Data Block Start

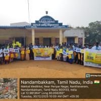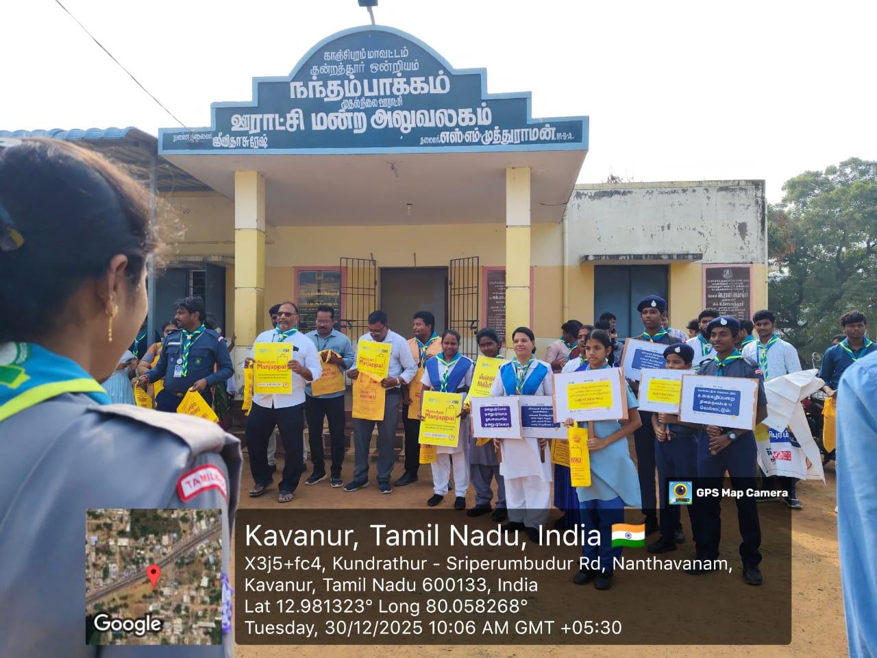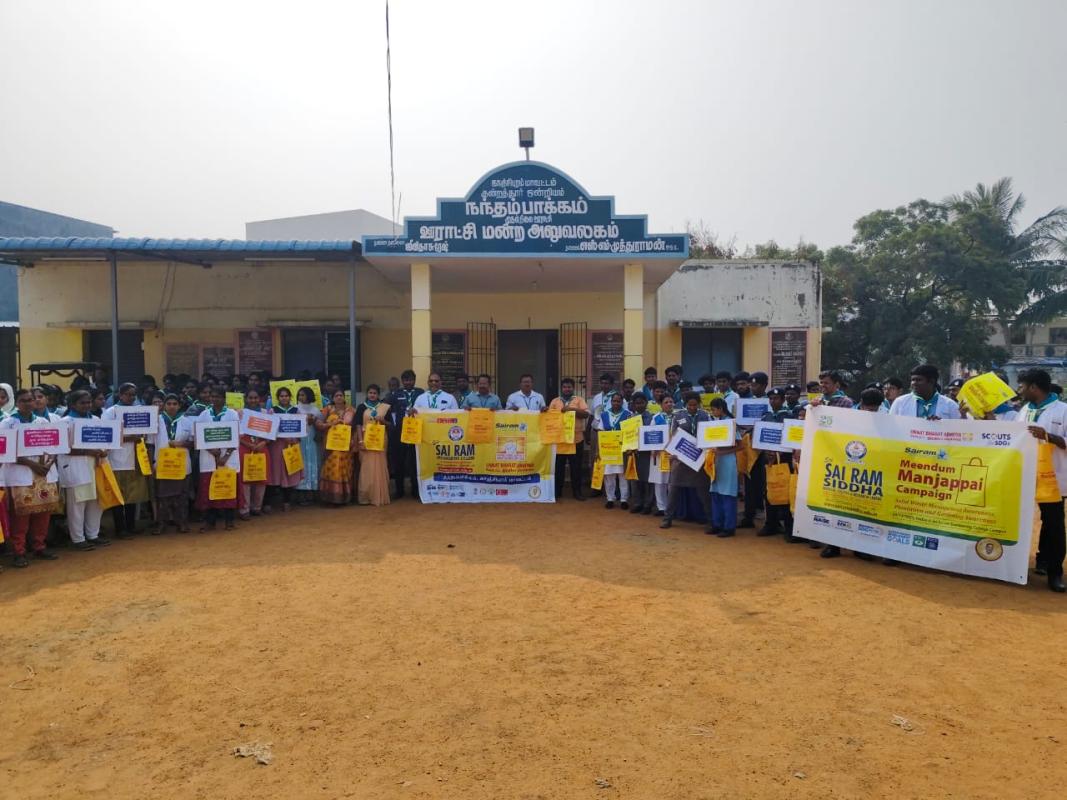 The inspiration for starting this project in Nandhambakkam village came from witnessing the harmful impact of single-use plastics on local streets, farms and water bodies, and the desire to revive the traditional manjappai culture while empowering villagers especially students and women to lead a sustainable, plastic-free lifestyle through collective community action and awareness programs
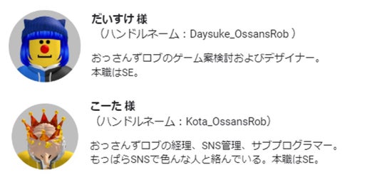 ロブロックスの様々なゲームを作成されているプロのクリエイターチーム「おっさんずロブ」から、だいすけ様とこーた様を先生としてお迎えし、教えていただきました。
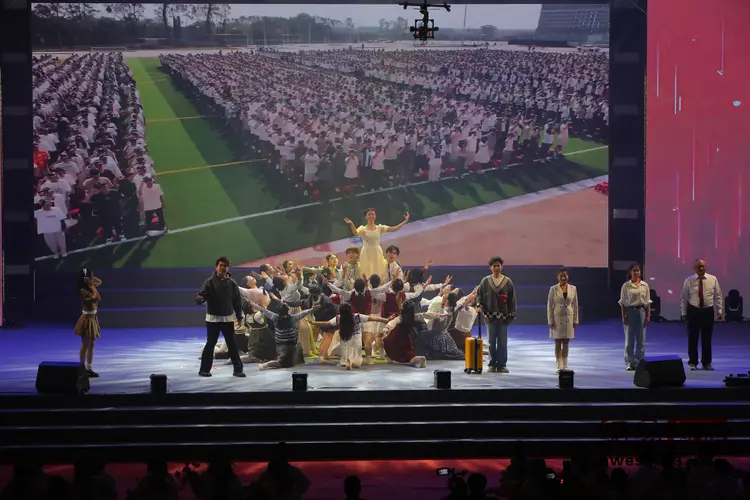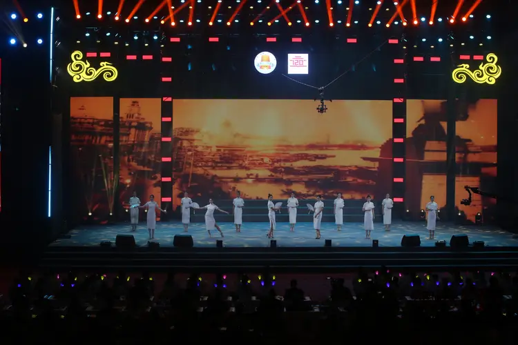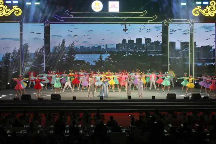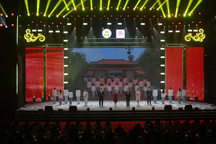 晚会上,演员们用歌声祝福学校迈上新征程,逐梦新时代。本次晚会还通过线上直播在寸金校区和湖光校区同步展开,屏幕内外,大家跨越距离齐聚,心连心,情牵情共襄岭师师范教育120周年。

Data Block End

What the task asks: The entire listing above, word for word and without pictures, is what should be output.

Task response:
 The inspiration for starting this project in Nandhambakkam village came from witnessing the harmful impact of single-use plastics on local streets, farms and water bodies, and the desire to revive the traditional manjappai culture while empowering villagers especially students and women to lead a sustainable, plastic-free lifestyle through collective community action and awareness programs
 ロブロックスの様々なゲームを作成されているプロのクリエイターチーム「おっさんずロブ」から、だいすけ様とこーた様を先生としてお迎えし、教えていただきました。
 晚会上,演员们用歌声祝福学校迈上新征程,逐梦新时代。本次晚会还通过线上直播在寸金校区和湖光校区同步展开,屏幕内外,大家跨越距离齐聚,心连心,情牵情共襄岭师师范教育120周年。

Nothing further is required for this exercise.